Task brief:
Every line from the start of the data through the line containing "Bolso pequeño de" should be retyped exactly; the pictures should not.

Records for the exercise:
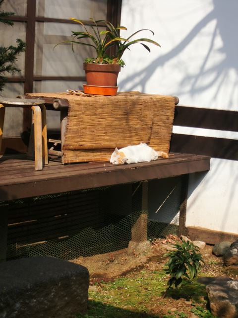午後は、近くにお住まいのFrançoiseさんのおうちへおじゃましました。ここのお庭は独特の侘びの風情。猫がたくさん遊びにきて、お気に入りの場所でヒナタボッコしたり昼寝したり。のんびりムードの午後でした。
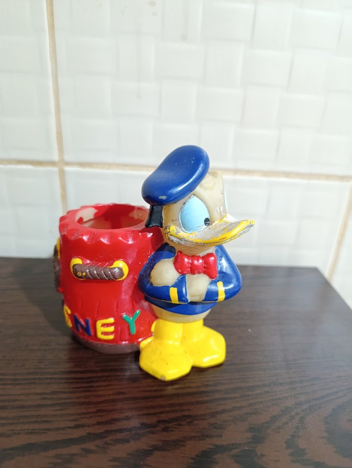 Mavi, sarı ve kırmızı renklerde Donald Duck figürlü, kalemlik ✏️
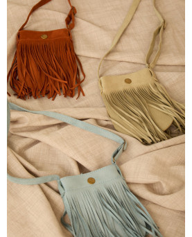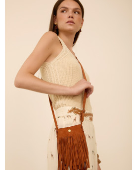 Bolso pequeño de ante con flecos. Con correa ajustable. Color teja
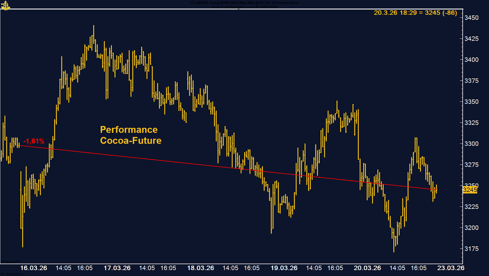 Fundamental bleibt die Lage gemischt. Verbesserte Wetterbedingungen in wichtigen Anbauregionen Westafrikas stützen die Perspektive einer stabileren Produktion, während gleichzeitig hohe Lagerbestände und eine zuletzt verhaltene Nachfrage preisdämpfend wirken. Diese Faktoren begrenzen kurzfristig das Aufwärtspotenzial und sorgen dafür, dass Erholungsversuche bislang nur von kurzer Dauer waren.
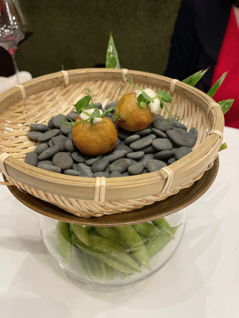 真鯛の白子、春人参のフリットやにんにくの芽、和歌山の加太ひじきなどが添えられてます。
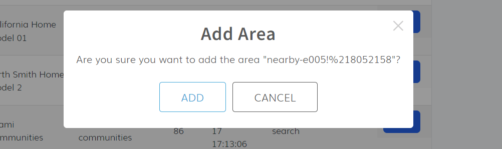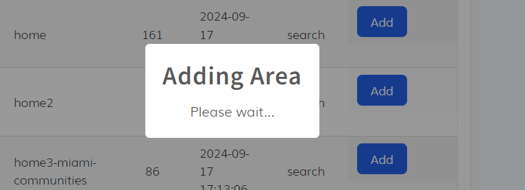 - Click "Add" to confirm, and a message will notify you that the area is being added.
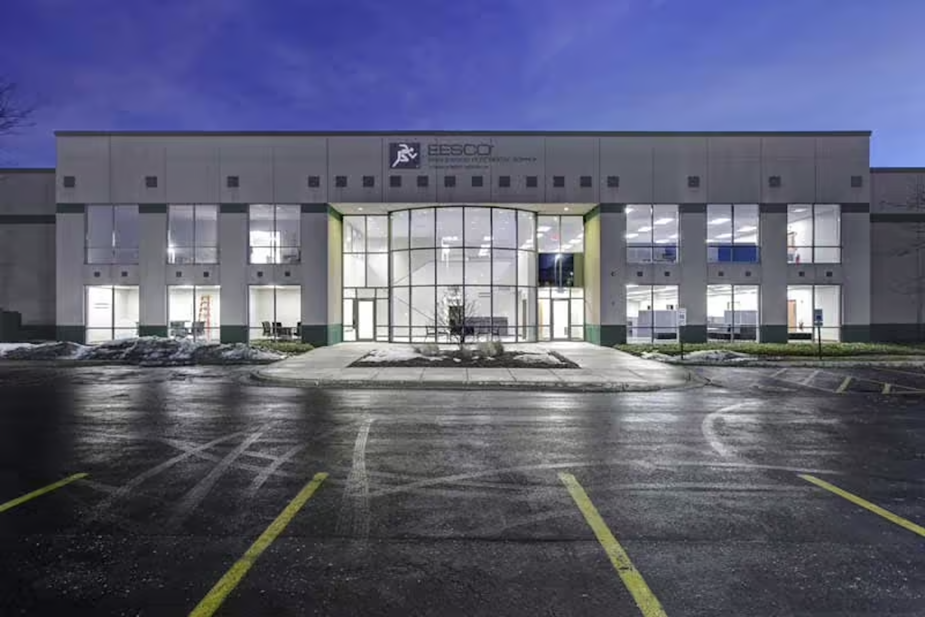 The two-story facility required build-out of offices on both floors, a two-story reception area, warehouse space and a two-stop hydraulic elevator. Inside, the deck structure used bar joist, composite metal and concrete, and we installed 10,560 square feet of structural steel mezzanine. Warehouse access was accomplished using a precast concrete drive in ramp, and controlled with a new overhead door. Six new dock levelers were installed, as was 37 new parking spaces. The HVAC installation included seven new rooftop units with economizers and programmable thermostats.
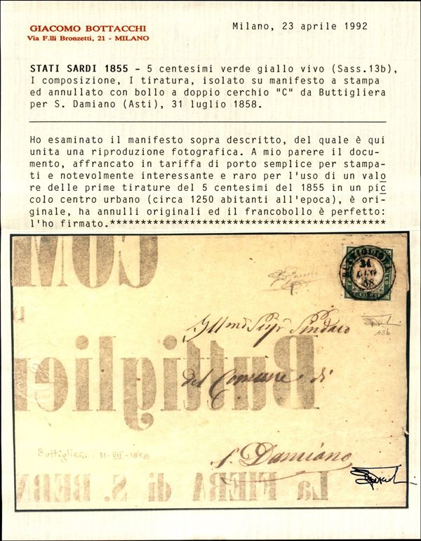 Manifesto affrancato con c.5 verde giallo vivo (13b) da BUTTIGLIERA 31 LUG.58 per S.Daminano, uso molto tardo caratteristico di località a basso tasso abitativo, cert.G.Bottacchi
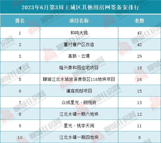 据住房网不完全统计,2023年6月第3周(2023.6.12-2023.6.18)聊城市主城区商品房网签备案数据共计485套!其中,住宅用房共205套,商业用房4套,办公1套,其他(车位、储藏室等其它房屋)为275套。
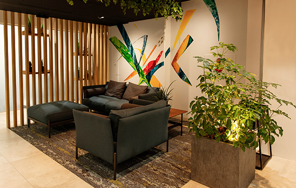 東京本社の7階エントランスは、都会の中でも自然との繋がりを向上させる、音・色・香りを用いたバイオフィリックデザインを取り入れました。
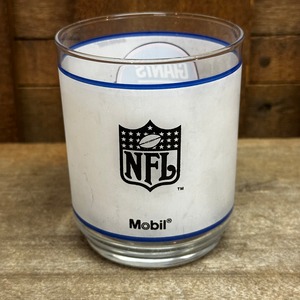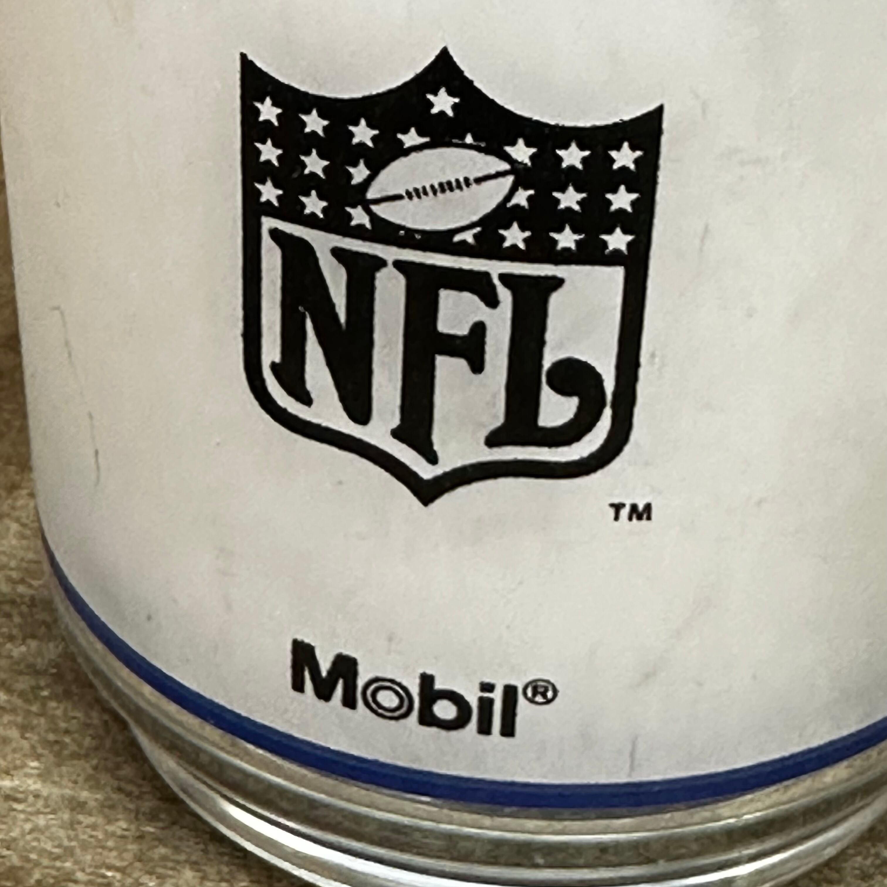 NFLの人気チーム「ニューヨーク・ジャイアンツ」のヘルメットロゴがデザインされた、貴重なヴィンテージグラスです。チームカラーである青が鮮やかに彩られたヘルメットロゴが目を引きます。ガラスの質感と、レトロなデザインが魅力的な逸品。フットボールファンの方や、ヴィンテージアイテムがお好きな方にはたまらないコレクションアイテムとなること間違いなしです。おそらく1980年代後半から1990年代初頭にかけて、モービル(Mobil)のガソリンスタンドでプロモーション品として配布されたものと考えられます。
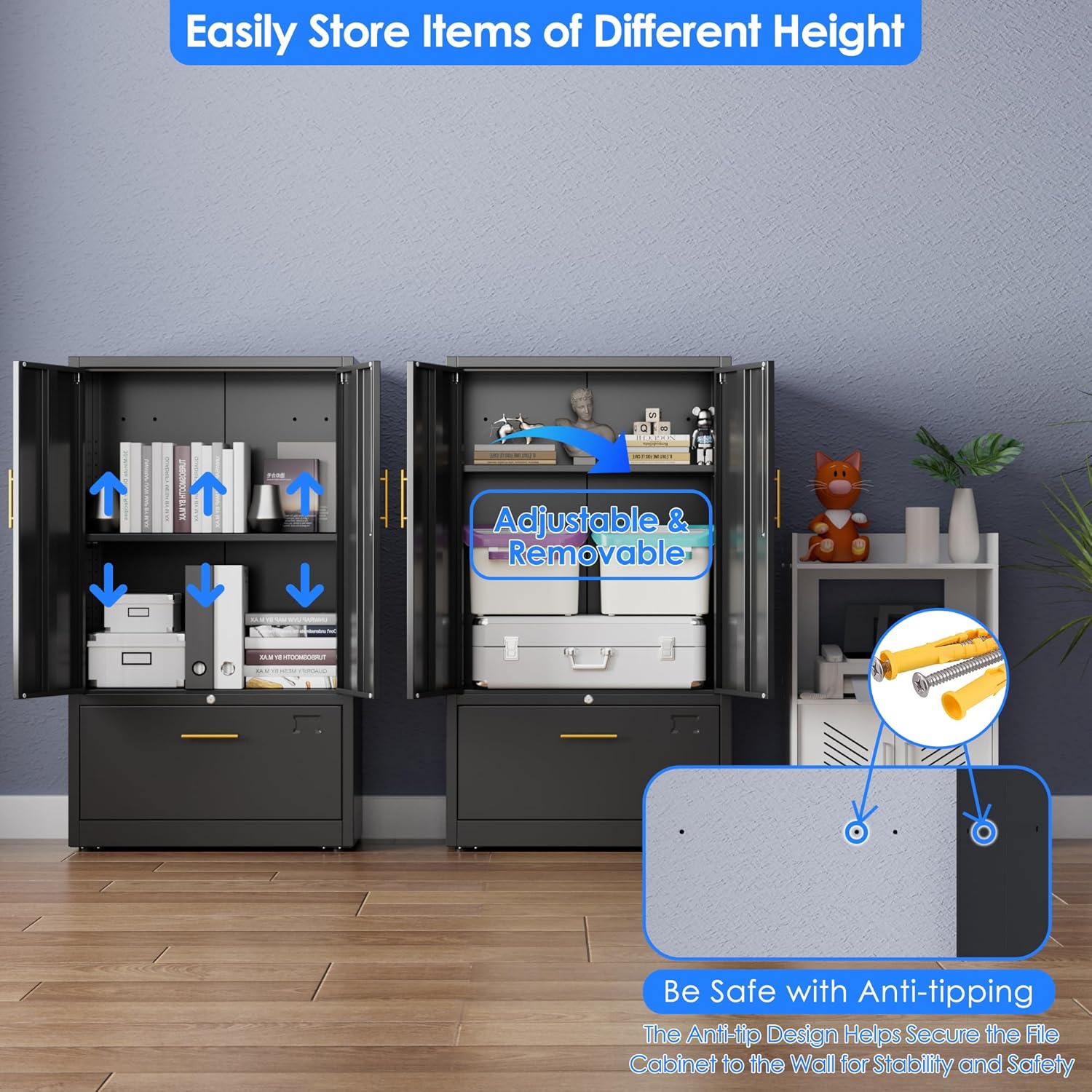 • Novel and Upgraded Design for Versatile Storage: The lateral file cabinet combines a robust metal storage cabinet with adjustable shelf to accommodate items of varying heights, along with one lateral drawers featuring 2 adjustable hanging bars for seamless organization of A4, Letter, or Legal-size folders. This innovative design optimizes space and flexibility for home, office, garage, or school use;

Exercise solution:
午後は、近くにお住まいのFrançoiseさんのおうちへおじゃましました。ここのお庭は独特の侘びの風情。猫がたくさん遊びにきて、お気に入りの場所でヒナタボッコしたり昼寝したり。のんびりムードの午後でした。
 Mavi, sarı ve kırmızı renklerde Donald Duck figürlü, kalemlik ✏️
 Bolso pequeño de ante con flecos. Con correa ajustable. Color teja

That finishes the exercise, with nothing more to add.